For optimal model performance, aim for a model health score between 0.65 and 0.85. A model health score above 0.85 is often indicative of overfitting. A model health score below 0.65 is indicative of a model with poor predictability.
To check the model health score, head to the Attributes screen and click the Model Summary menu item on the left side of the screen. View the ‘Model Health Score’ value.
If your model health score is above 0.85, try the following:
- Check the Attributes screen for first-party attributes (those in the My Company Attributes category) that may contain future information. An attribute in which values are populated only after an account reaches a particular marketing or sales stage is one with future information. Attributes for which the ‘Not Populated’ value has a lift below 0.3x are ones that likely contain future information. More detail is provided in the Step 5: Check ‘Not Populated’ Lift section of this guide. Remove these attributes from the model.
If your model health score is below 0.65, try the following:
- Ensure the data foundation of the model is good. A model built with inaccurate data will produce inaccurate results.
Step 2: Review Conversions And Conversion Rate
Providing an appropriate number of conversions and an appropriate conversion rate is essential to ensuring data scarcity will not negatively impact the performance of the model.
To review the number of conversions and conversion rate, view the ‘Conversions’ box in the summary banner at the top of the Attributes screen. The successes (or 1s) in the event column of your training set become conversions. Divide the number of successes by the total number of records in your training set to determine the conversion rate.
For optimal model performance, aim for at least 500 conversions and an overall conversion rate between 1 and 5 percent. If too few conversions or too low a conversion rate is provided, the model may experience some instability.

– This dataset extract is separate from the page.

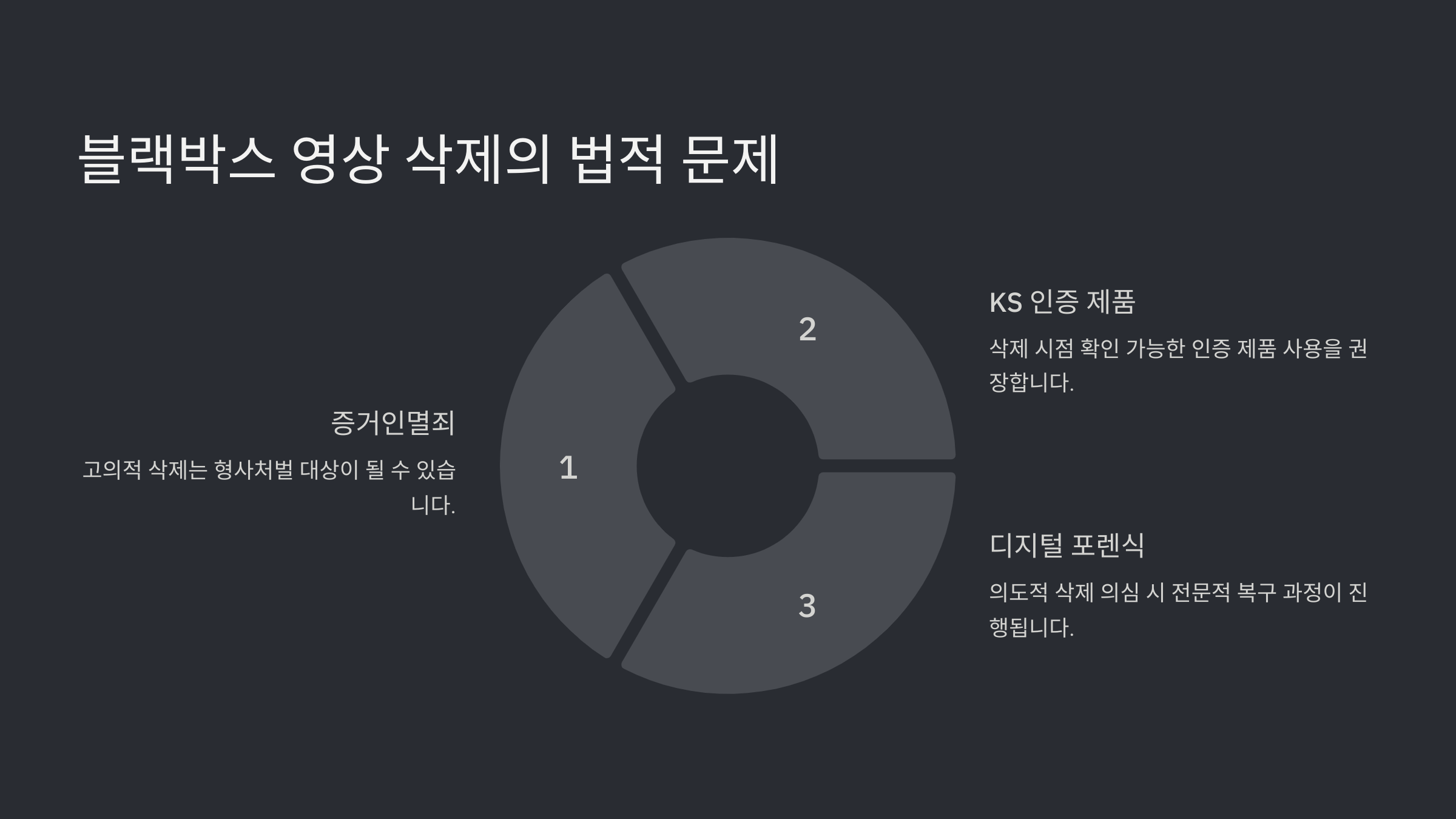 먼저, 고의적으로 영상을 삭제해서 사고 증거를 없애려 했다면 '증거 인멸'로 처벌받을 수 있어요. 특히 경찰 조사가 진행 중이거나 법원에서 증거 제출을 요구한 상태에서 영상을 지우면 법적 책임이 커져요.

If too high a conversion rate is provided, overall lift will be driven down.
If your conversion count is below 500 and/or your conversion rate is below 1 percent, try one of the following:
- Provide more successes in your training set if available.
- Provide fewer non-successes in your training set. Only use this option if you can retain at least 10,000 records in your training set.
- Adjust your definition of success so it’s less granular. For instance, if you are creating a model to predict which accounts are likely to convert but have a conversion rate lower than 1 percent, you could instead try using accounts with opportunities as your success event. The model will now predict which accounts are likely to have an opportunity with your business.
If your conversion rate is above 5 percent, try one of the following:
- Ensure the training set has the full population of non-successes.
- Provide fewer successes in your training set. Only use this option if you can retain at least 500 successes in your training set.
- Adjust your definition of success so it’s more granular. For instance, if you are creating a model to predict which accounts are likely to convert but have a conversion rate above 5 percent, you could instead try using converted accounts that have high spend as your success event. The model will now predict which accounts are likely to have high spend with your business.
Step 3: Review Performance
The Performance screen shows how the model is performing on a holdout set of accounts. A random 80% of the accounts from the training set are used to build and train the model. The remaining 20% of accounts are held out from the model build to do back testing. This is a machine learning best practice that helps ensure the model is performing correctly.
From the Attributes screen, click the Performance menu item on the left side of the screen and scroll to the bottom of the page to see how the random 20% of holdout accounts were scored against the model.
The bars represent score deciles. The first bar represents accounts from the random 20% that were scored from 91 to 100; the second bar represents accounts scored from 81 to 90; and so on.
The y-axis represents the actual lift relative to the average. The horizontal dotted line denotes 1.0x lift, which corresponds to the average conversion rate. The average conversion rate is the conversion rate provided in your training set.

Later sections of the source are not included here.